A book launched Texas style…

Aside

Since I have “friends” now, I’m reblogging this post from 2011. It was a special day for me, indeed.

No Hill for a Stepper book launch

Carolyn Dennis-Willingham

 

No Hill for a Stepper was  launched Texas style with  James “Slim” Hand as our  special musical guest.  Singing the songs of Cono’s era that would have made Bob Wills and Gene Autry proud, the music was the perfect foreground for our hill country setting. What an evening!  The word for the evening was “surreal” as I saw the efforts of the last 3 1/2 years come to the end of just a beginning. I cannot begin to thank all of the attendees who supported me although I certainly tried! Plus they donated sacks of coins that I will give to the winners of the students in Bell County for the “No Hill for a Stepper” essay contest.  Payin’ it forward as they say.

To the crowd of over seventy people, my heartfelt acknowledgment of my father was this:

“No Hill for a Stepper”  is my father’s story. While my mother, during her lifetime, was thirsty for life, she spoke mostly about her present and her future.  My father focused more on his past.  There were reasons he did so.  First, because he wanted my sister and I to know how very different his life was compared to ours. Pat and I didn’t have to pick lambsquarter for our meals and we didn’t have to live in a dugout for our shelter.  But the other reason he talked so much about his past, especially in his later years, was that he had something to resolve before he died.

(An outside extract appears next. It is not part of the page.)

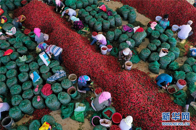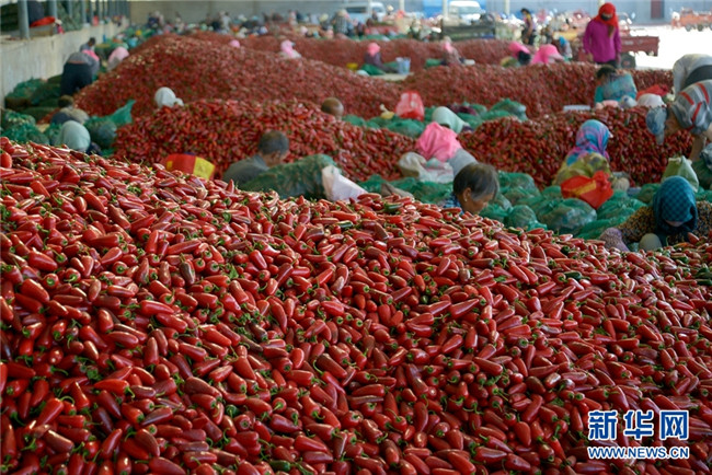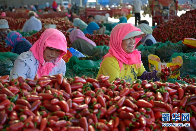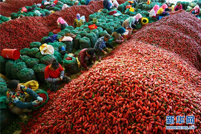 這是近日在甘肅省高臺(tái)縣拍攝的辣椒分揀、挑選場景。時(shí)下,高臺(tái)縣宣化鎮(zhèn)和駱駝城鎮(zhèn)種植的1700畝墨西哥辣椒進(jìn)入采摘和收購期,火紅的辣椒堆積如山,映紅了農(nóng)民的笑臉。新華網(wǎng)發(fā)(鄭耀德 攝)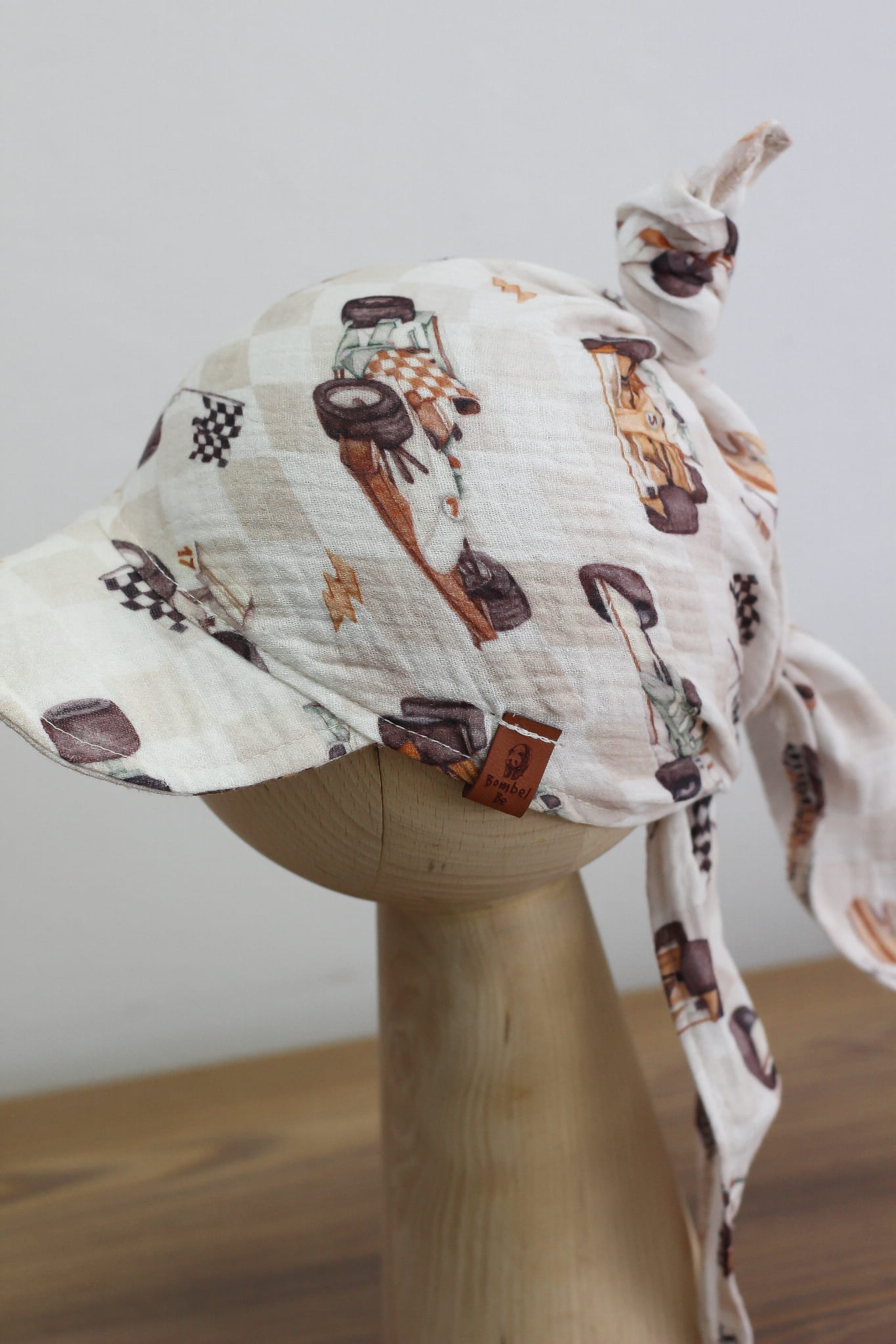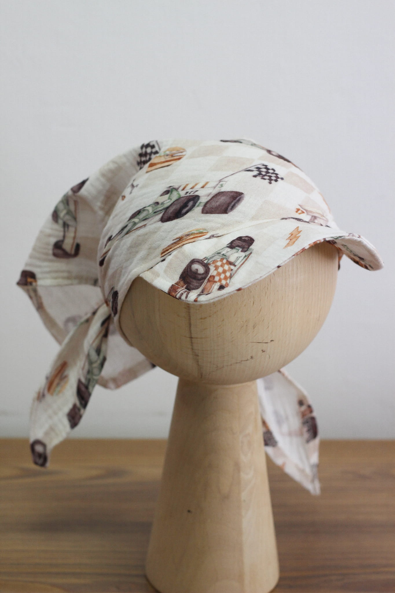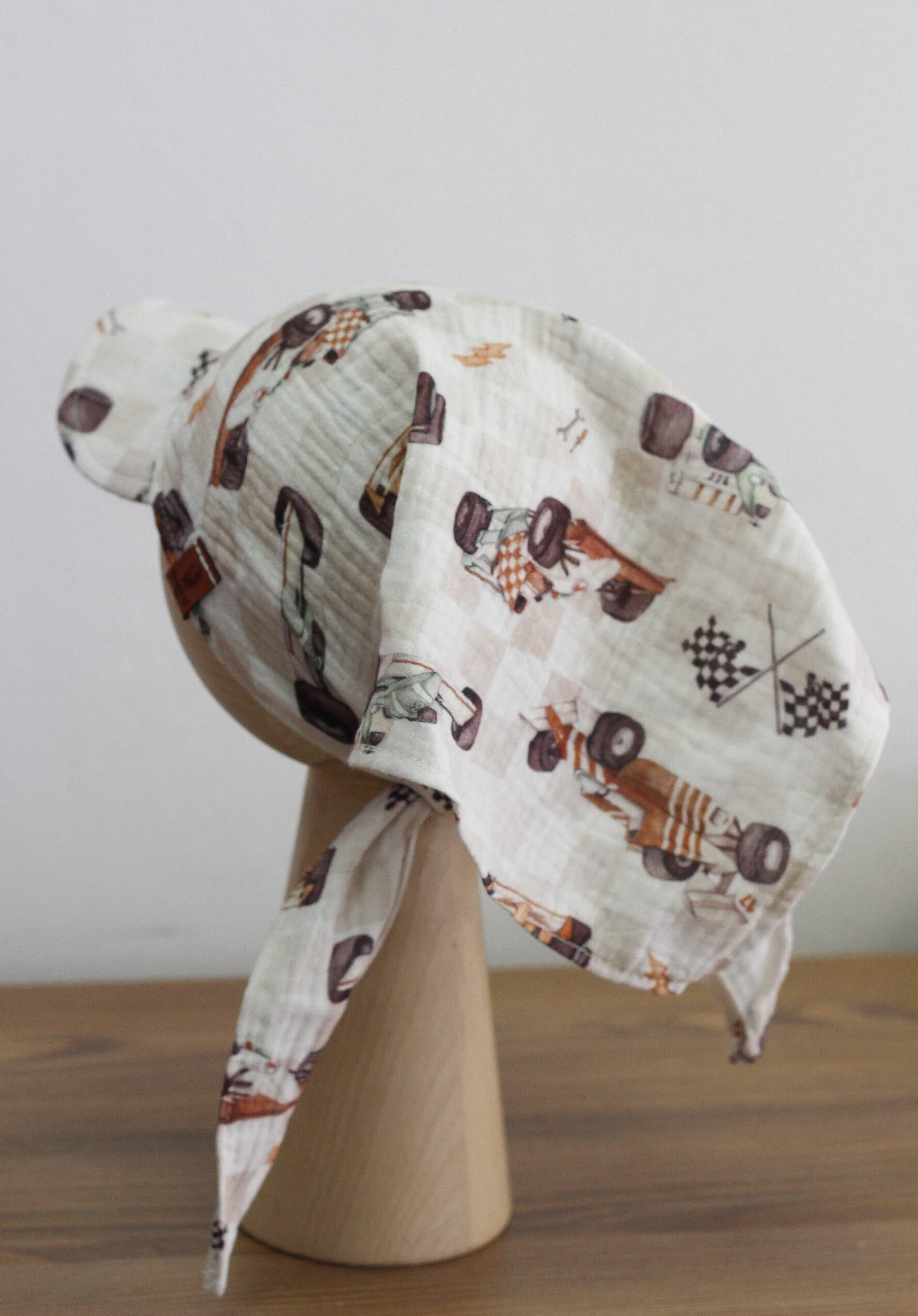 Letnia chusta muślinowa z daszkiem w motyw wyścigowy – wyścigówki, kaski, narzędzia na tle delikatnej kratki. Uszyta ze 100% bawełny. Idealna dla dzieci od ok. 1 do 13 lat.

As many of you know, my father was very much aware of this novel. A pen guided my hand in response to the things he recounted to me. Dad talked. I listened and wrote and wrote and and I recorded. Never in my life would I have been able to make up his story on my own.

Cono is here tonight, along with my mother.  They are here in the photos and in the songs that James Hand is playing. They are here in my spirit and in my heart. Together, Mom and Dad are where all questions are answered and all things are resolved. They are now where things are no longer discouraging but instead, they are where things are copacetic.  

My father did not live long enough to see the final product. So Dad, here it is – the final product I told you I would finish. “If I  tell you a rooster wears a pistol, look under its wing.”

And then, my fellow supporters joined me in singing Dad’s favorite song, “Home on the Range,” loud enough for him to hear.